I was making a map for my PhD thesis which showed the locations of field studies of the Biodiversity-Ecosystem Function Relationship , taken from three meta-analyses (Duffy et al. 2017 , Clarke et al. 2014 , and Liang et al. 2016 ). I wanted to demonstrate how few studies have been conducted in southern Africa, with the purpose of showing the reader that this is a problem that I was going to solve in the thesis.

Original map of BEFR studies

I wanted to include the map in my thesis as vector graphics, because they compress better than raster images and look crisper on the computer screen.

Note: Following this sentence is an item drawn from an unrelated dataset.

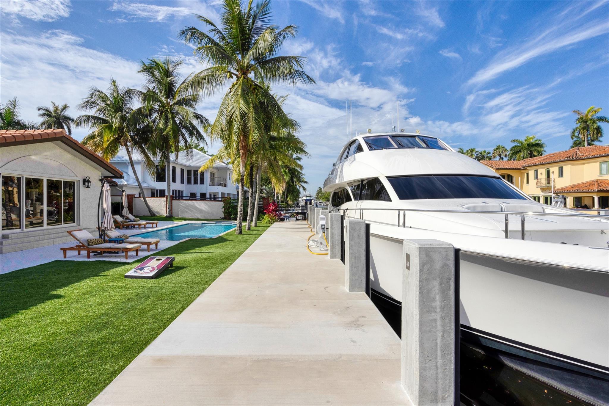 Gated and walled Coral Isles Spanish Colonial-inspired Deepwater estate sited on 100 +/- feet of waterfrontage in exclusive Las Olas Isles. Private canopy treed courtyard entry greets guest to an glass enclosed lanai. Formal Living/Dining Room and Club Room for entertaining. Gourmet kitchen with chefs appliances (Viking and Subzero) features a breakfast bar that opens to a large family room. Four bedrooms for family and friends. Resort-like pool with maintenance free turf and a new fully equipped concrete yacht dock minutes to Ocean access. Property sold in ''As Is'' condition.

The problem was that the .pdf output of the map from ggplot2 in R was 22.5 MB, which on its own is about as large as the rest of the thesis pdf. The reason the file was so large is because there were lots of overlapping points.

I spent a long time thinking about technical ways to reduce the file size, using different exporter libraries like Cairo, or using an alternative file type, but nothing managed to maintain the quality of the original image while also reducing the file size.

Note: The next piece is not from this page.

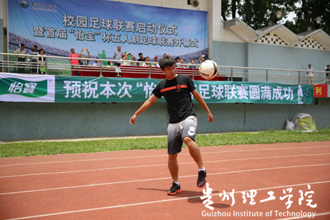 贵州人和足球俱乐部国酒茅台队现役运动员范云龙参加开幕式并表演了花式颠球,赢得现场观众的热烈掌声。教职工队与制药工程学院队开启本次比赛,范云龙还加入当天的教职工比赛队伍,为现场师生秀了一把球技。

In the end, I decided to redesign the map to use raster tiles instead of points. A tile was counted as filled if there was at least one point found within it. Here is the code I used to convert the points to raster, in R:

library(sf)
library(dplyr)
library(ggplot2)
library(rnaturalearth)
library(raster)

world <- ne_countries(returnclass = "sf") %>%
  filter(continent != "Antarctica")

coord_all <- readRDS("dat/coord_all.rds")

coord_all is a list of three dataframes, each from a different meta-analysis, where each dataframe has two columns with the latitude and longitude of each study. Next I lapply() over each dataframe. First I convert the dataframe to sf points, then create an empty raster spanning the whole earth, then use rasterize() to fill the raster and finally convert the raster to a dataframe for plotting in ggplot().

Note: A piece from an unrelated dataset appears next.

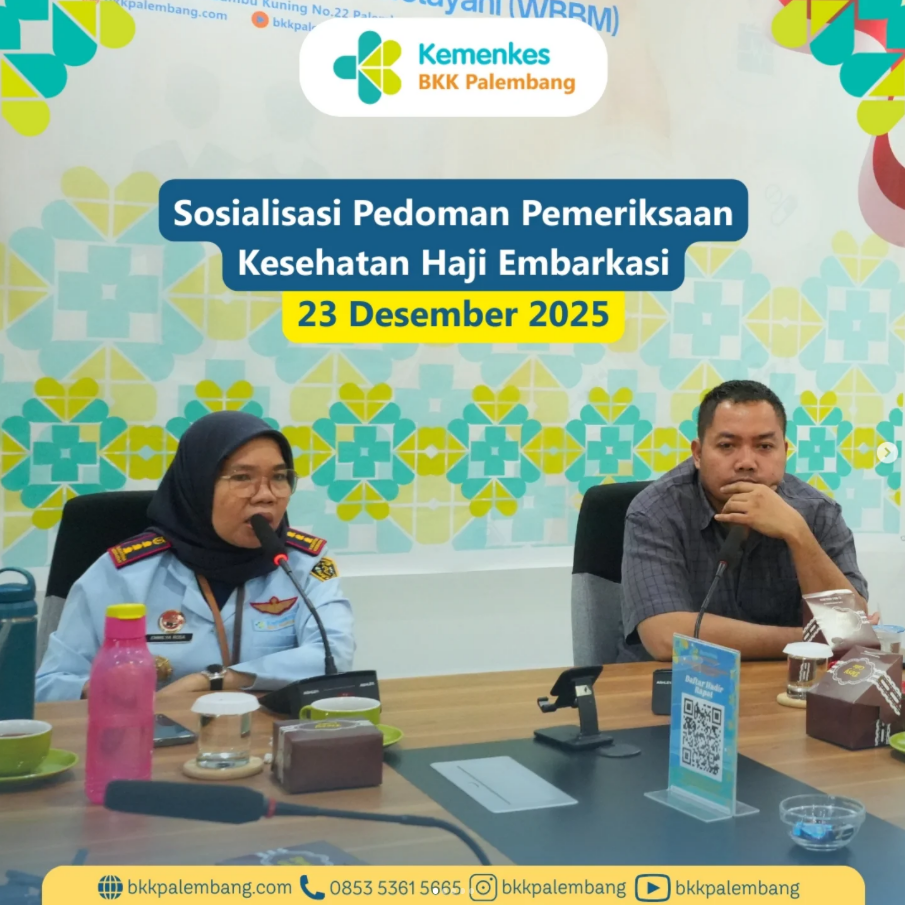Selasa, 23 Desember 2025, BKK Kelas I Palembang menerima kunjungan Tim Pusat Kesehatan Haji Kementerian Haji dan Umrah RI, yaitu dr. Tri Atmaja (Ketua Tim Sistem Informasi), dr. Agus Sultoni, MMRS, dr. Anin Ika Rosa, M.Gz, dan Ibu Febriani, SKM, M.Si, dalam rangka pelaksanaan Sosialisasi Pedoman Pemeriksaan Kesehatan Haji Embarkasi.

coord_all_rast <- lapply(coord_all, function(x) {
  x_sf <- st_as_sf(x[,2:3], coords = c("lon", "lat")) %>%
    st_set_crs(4326)

  x_rast <- raster(crs = crs(x_sf), vals = 0, 
    resolution = c(1,1), ext = extent(c(-180, 180, -90, 90))) %>%
    rasterize(x_sf, .) %>% 
    as(., "SpatialPixelsDataFrame") %>%
    as.data.frame(.)

  return(x_rast)
})

Then it’s just a case of using geom_tile() on each dataframe. I stacked the tile layers according to the number of filled tiles, as the dark blue layer doesn’t have many filled tiles and was getting masked by the dark green layer.

# Plot
map <- ggplot() + 
  geom_sf(data = world, colour = "black", fill = NA, size = 0.25) + 
  geom_tile(data = coord_all_rast[[2]], aes(x = x, y = y),
    fill = "darkgreen", alpha = 1) + 
  geom_tile(data = coord_all_rast[[3]], aes(x = x, y = y),
    fill = "darkred", alpha = 1) + 
  geom_tile(data = coord_all_rast[[1]], aes(x = x, y = y),
    fill = "darkblue", alpha = 1) + 
  theme_void() + 
  theme(legend.position = "none") 

pdf(file = "img/befr_map.pdf", width = 8, height = 3.5)
map
dev.off()
The updated map, using geom_tile